A man who was convicted of raping two women in Somerville four decades ago now faces a potential lifetime commitment under the state’s Sexually Dangerous Person laws, according to the Suffolk County District Attorney’s office and the Somerville Journal.

On Friday, a Suffolk Superior Court Judge sent John J. Kelleher, 59, to the Massachusetts Treatment Center in Bridgewater for a period of one day to life after an assistant district attorney proved he was “likely to engage in further sexual offenses if not confined to a secure facility,” according to the DA’s office.

The decision came after Assistant District Attorney Barbara Young introduced his history of sexual offenses at a five-day jury-waived trial last month.
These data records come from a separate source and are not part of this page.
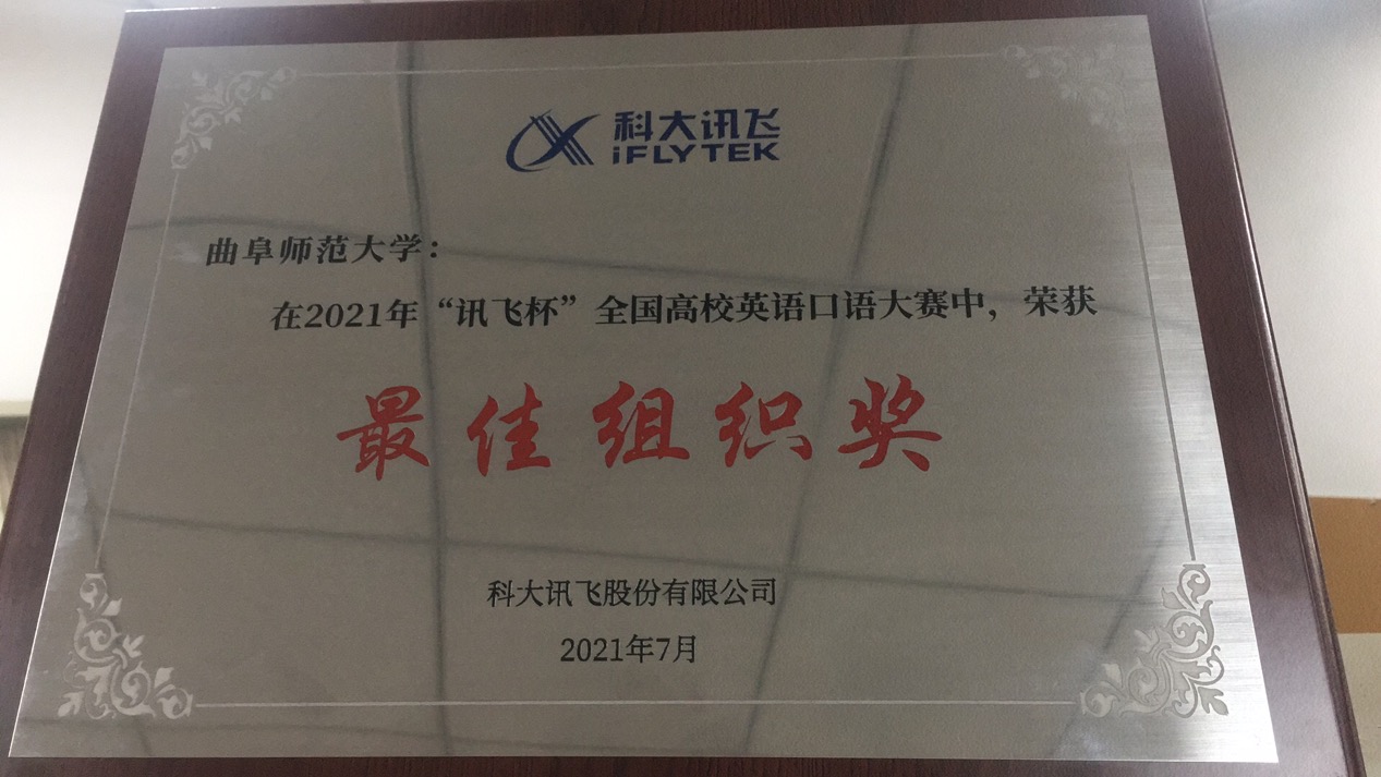 中国共产党成立100周年之际,为回顾党的奋斗历史,继承和发扬党的光荣传统,加强高校意识形态建设,丰富高校党建活动的形式,科大讯飞高教产品线特别策划主题赛事活动,以激发大学生的历史责任感、使命感和荣誉感,展示当代大学生有理想、有本领、有担当的精神风貌。在5月24日-6月15日举办的2021年“讯飞杯”全国高校英语口语大赛山东赛事中,公共外语教学部积极筹备,发动学生参赛,取得了山东赛区比赛规模和参赛人数和获奖人数第一名的好成绩。本次大赛中,山东省口语大赛开通赛事权限高校51家,有比赛数据的43家,17000名同学参与,约9000人完成赛事,我校921名同学参加,89名同学获奖,其中特等奖1名、一等奖1名、二等奖4名、三等奖17名,优秀奖41名,相应教师获得“优秀指导教师”奖。米兰官方网站公共外语教学部获得“最佳组织奖”称号。
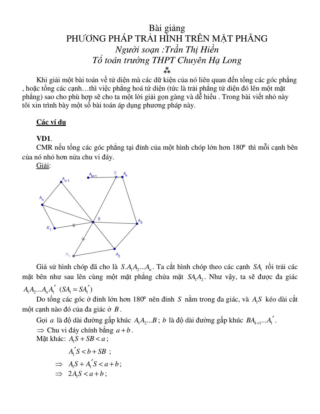 Bài giảng phương pháp trải hình trên mặt phẳng – Trần Thị Hiền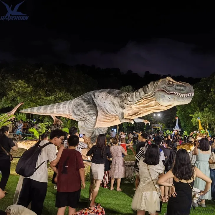 Acesta este un model uriaș de Tyrannosaurus Rex lung de 12-metri și îl facem totul manual, așa că este nevoie de 25-30 zile pentru a crea un dinozaur. Acest Tyrannosaurus Rex folosește un servomotor mai bun, astfel încât mișcarea poate fi controlată mai precis.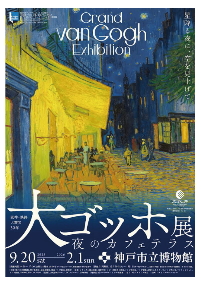 2025年9月20日(土曜)~2026年2月1日(日曜)の期間、兵庫・神戸市立博物館にて阪神・淡路大震災から30年の取り組みのひとつとして「阪神・淡路大震災30年 大ゴッホ展 夜のカフェテラス」を開催いたします。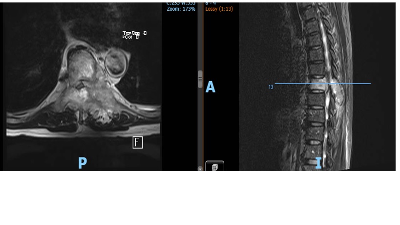 Thâm nhiễm tủy xương đốt sống ngực T8 lan ra mô mềm xung quanh và vào ống sống chèn ép tủy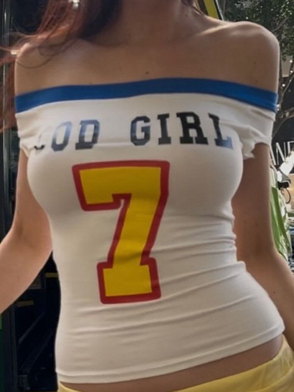 One-Shoulder-T-Shirt mit digitalem Druck und kurzen Ärmeln

That history includes the 1971 knifepoint rape of two young women in Somerville and the attempted rape of a young woman on Thomson Island in 1987, in which he stabbed the victim in the face with a fork.

Kelleher attacked each of the women, who were strangers to him, in their homes while they were sleeping, according to the District Attorney’s office.

Young also introduced testimony from an expert witness who opined that Kelleher was likely to commit additional sexual offenses based on his “history of substance abuse, his extensive and diverse history of violent crime, his selection of strangers as victims, and apparent inability to control his sexual impulses,” according to the District Attorney’s office.

Kelleher had most recently been convicted of a third count of drunken driving in 2009, and upon his release from jail was held on temporary order of commitment pending these proceedings.